Читаем Фантомный бес полностью

А ты, дружок, сам-то кто? Ты как раз из породы сумасшедших изобретателей. И не совестно тебе? Ужас не пронизывает? Как снести эту тяжесть в частично подсохшей, частично разлохмаченной душе? То-то тебе снятся суды.

«Ты пришел дернуть тигра за усы!» — вскричал Линь-Цзы.

Да, учитель. Смиренно склоняю голову.

Искать утешения у дзен-буддистов? Поможет ли?

Между прочим, знаю несколько милых и славных буддистов. И в далеких краях я их видел, да и тут они у нас встречаются. Да еще в каком обличье! Скажем, тот студент-оригинал из Йеля, который опьянен идеей восьмеричного пути к истине. Талантливый парень хочет приспособить мистику буддистов к выяснению структуры протона. И вправду, что там у протона внутри? Мы привыкли думать, что он неделим. Но кто доказал, что это так? И что будет с квантовыми числами? Это надо додуматься — связать путь в нирвану с октетом элементарных частиц? Веселый парень. Но вопрос, надо отдать ему должное, ставит смело.
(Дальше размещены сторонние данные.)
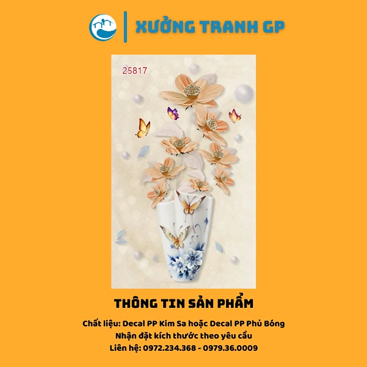 Tranh Dán Tường 3D Gia Phạm Phòng Khách, Phòng Ngủ Bình Hoa Phủ Bóng Có Sẵn Keo - Nhận Đặt Kích Thước Theo Yêu Cầu
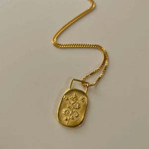 A thin box chain necklace that holds a beautiful flower pendant with an engraving ‘flowers need time to bloom’ at the back. Every flower blooms in its own time and so will you.

Кстати, о нирване. С санскрита переводится просто — остывание, угасание… Словечку этому три тысячи лет. Если не больше. Не забавно ли, что физика совсем недавно, в прошлом веке, вновь открыла это понятие, но уже на своем языке? И ведь не в тех пространствах, где живые люди с их чувствами трепыхаются, но в иных — где плавают звездные туманности, летают атомы, кипит вода, где угрюмо лежат баллоны с газом. И даже сделала это новое понятие измеримым. Включила в свои уравнения. Энтропия! Великая, страшная, непобедимая. Смысл ее, однако, тот же — остывание, угасание, движение к мертвому равновесию… И откуда только Клаузиус это название выкопал? Эн? Тропос? Что это? Смешно, но для меня словечко «нирвана» звучит милее. Даже теплее, хотя вся она насквозь — вселенский холод. Жизнь ищет нирваны, стремится к ней. Это путь к окончательной смерти или вечному отдыху? Люди, я так устал! Дайте отдохнуть. Навсегда. Любопытно, я правильно тронул эту струну? Или все не так?

А что противостоит мертвому равновесию? Правильно, неравновесность. Разнообразие. Некая структура. И чем живее, тем лучше. Жизнь — это танец, порою буйная пляска. Высокие, упорядоченные формы этих танцев мы называем информацией. Далеко не только тексты. Рисунки, чертежи, построенные дворцы, храмы, музыка, живопись… Разнообразие живых форм… Секвойи, баобабы… наследственное вещество… Мало ли что еще. Словечко затертое, замученное, убитое бандами журналистов, морем газет, сутолокой радио, но заменить пока нечем. Весело-нежной и одновременно немыслимо глубокой сути этого понятия почти никто не замечает. Противостояние информации и энтропии — это противостояние жизни и смерти. Типа противостояния живой клетки мертвым атомам. А вот само слово… Ин? Форм? Неужели так просто — погружение в форму? А ведь скорее похоже на прыжок из нее. Особенно из униформы. Из солдатского платья. Но тут иное вылезло: информацию научились измерять. Это было открытие… Удивительное. В чем-то неожиданное. Мы треплем языком, несем всякую чушь, и количество этой чуши можно оценить? Оказывается, можно. Причем в точных единицах. Ничего себе! Кто это мог представить себе во времена Ньютона или Фарадея? А ныне глядите: некий Джим что-то там, в саду на скамейке, наболтал некой Джен. Ну и сколько вышло битов? Может, целый килобайт? И грустно, и смешно. Джен сказала: «Ах!» А это сколько бит? А вот можно ли измерить душу? О, тут мы попадаем в иные пространства. Отпустите мне немного души. Сколько? Граммов триста…

И Лео Силард почти сразу принялся набрасывать начало фантастического рассказа, где в магазине далекого будущего на полках лежат фасованные души. Продавец-шотландец, прапраправнук Адама Смита, взвешивает их фунтами.

Третья мировая и дело врачей

— Как обстоит дело с новой бомбой? — спросил Сталин.

— Товарищи работают.

— Поторопите. Ведь эту войну мы по большому счету продули. Не лагерь этот обглоданный нам нужен, не огрызки Европы, а весь мир. И в новой войне проигрывать мы не вправе. Благодаря новому оружию диктовать миру будем мы. Что, много народу погибнет? Значения не имеет. История поймет. И простит.